Heyyyyyyyyyyy! Happy Valentines Day. Well I'm hyper, and I just remembered about my blog. So here we goooo...
REMEMBERING:
POSITION
VELOCITY
ACCELERATION
If going down (like position to velocity, or velocity to acceleration) take derivative. If going up (going from acceleration to velocity) take integral. Real simple!
FINALLY I UNDERSTAND THIS SIMPLE THING:
It's called the chain rule. Take derivative of exponent, the derivative of the like sin, cos, tan, ect., then the derivative of inside & remember to simplify.
Example:
sin^2(x^2)
4xsin(x^2)cos(x^2)
RELATED RATES:
1. identify all variables and equations
2. identify what you are looking for
3. sketch and label
4. write an equations involving your variables (you can only have one unknown so a secondary equation may be given)

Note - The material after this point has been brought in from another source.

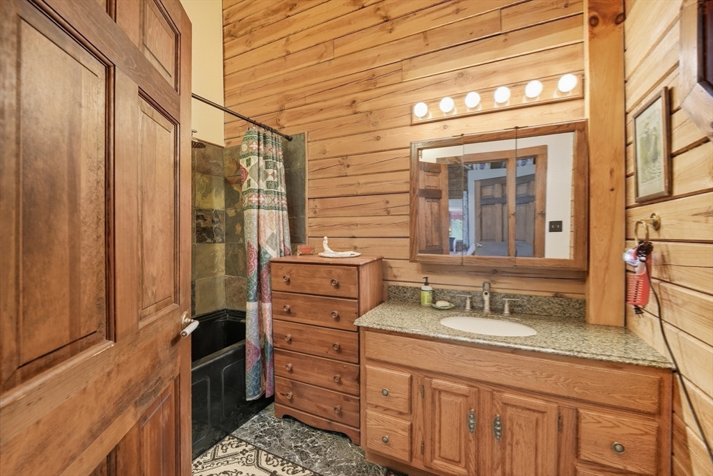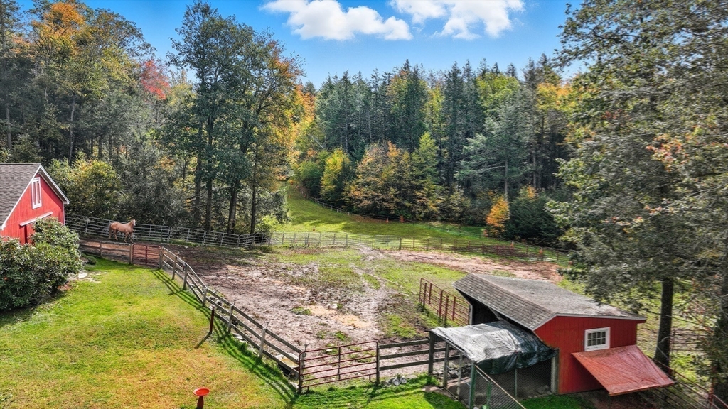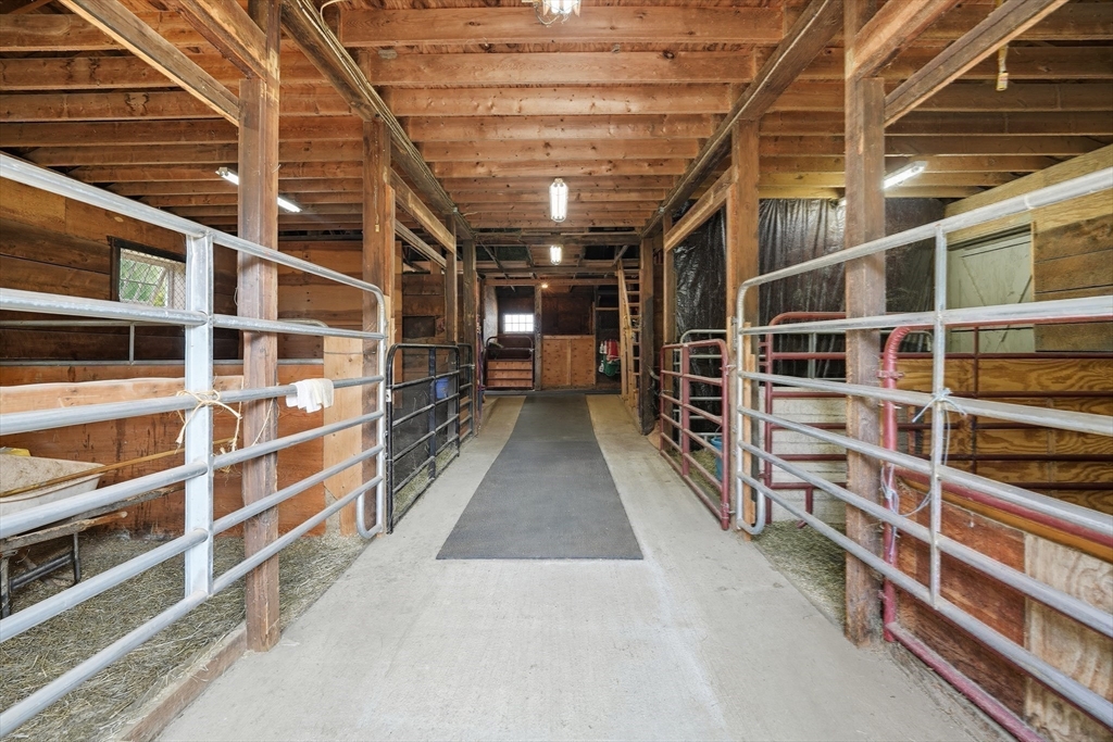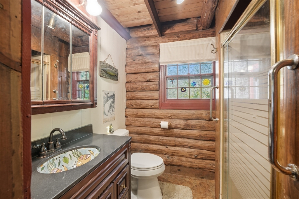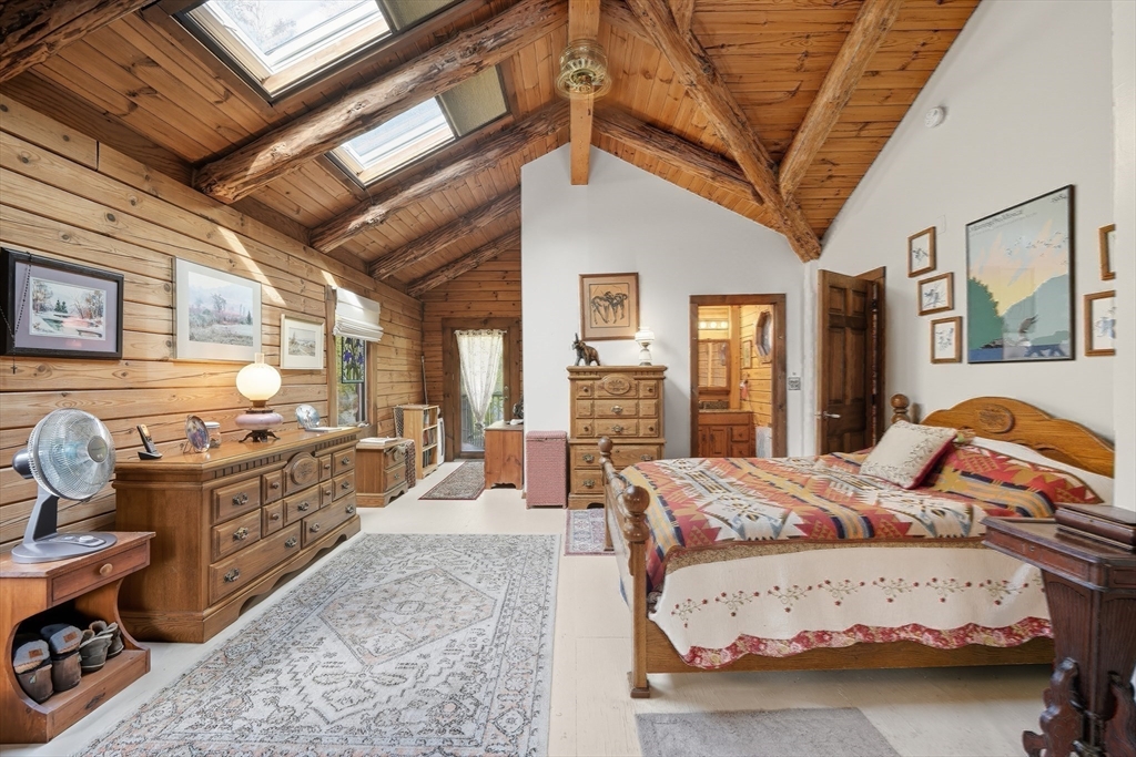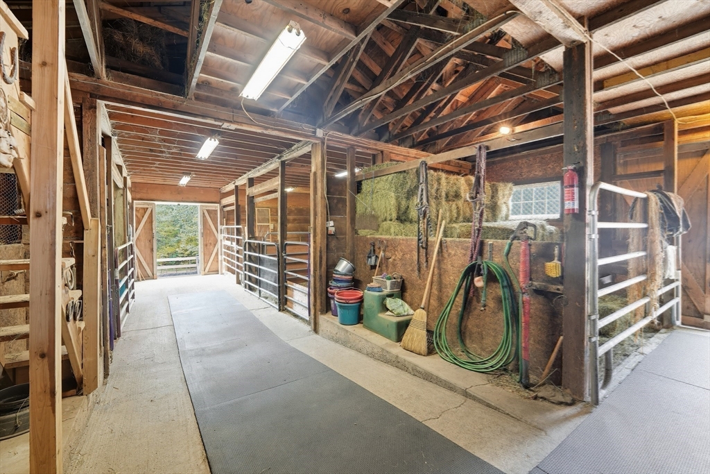 Escape to your own private sanctuary with this meticulously restored equestrian farm. The distinctive log cabin showcases vaulted ceilings and wide-plank pine flooring throughout, and a floor-to-ceiling stone fireplace at the heart of the home. The expansive primary suite features an indulgent jacuzzi tub, creating your personal retreat. With two more bedrooms and a second full bath, there’s plenty of room for guests. Horse enthusiasts will appreciate the facilities such as the 8-stall barn with hay loft and multiple pastures featuring attached runouts. There is also a 3-bay garage for ample workspace and storage. Outdoor entertaining is a breeze with a salt-water pool, screened porch, two decks, and stone patio. The multi-use farm also includes a full-property generator ensuring uninterrupted comfort. Nestled among mature woods, this remarkable estate offers the perfect blend of country living and modern amenities, all just a trail ride from Huntington State Forest's natural beauty.
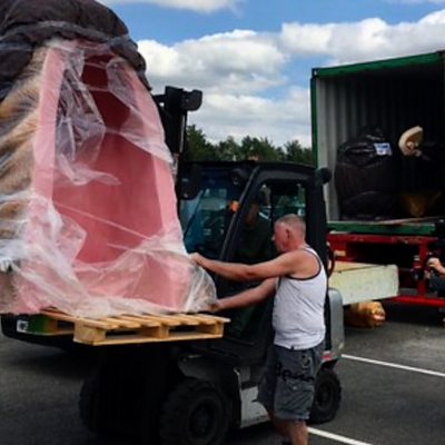 A flatpack dinosaur has finally made it to its Cambridgeshire destination.

5. take the derivative (with respect to time)
6. substitute in derivative and solve
EXAMPLE:
The variables x and y are differentiable functions of t and are related by the equation y=2x^3-x+4. When x=2, dx/dt=-1. Find dy/dt when x=2.
1. All of your equations are given, go straight to derivative.
2. dy/dt=6x^2dx/dt-dx/dt
3. plug in all your given (in order) to find dy/dt
dy/dt=6(2)^2(-1)-(-1)dy/dt= -23
YOU COULD PROBABLY COMMENT ON:
So I don't have all my ap stuff with me, and I don't remember an exact problem I'm having trouble with. Can someone tell me about mean value theorem again? And for some reason I'm still having trouble with piecewise function things, no matter how many times it is explained. Can someone put it in any simpler terms or something?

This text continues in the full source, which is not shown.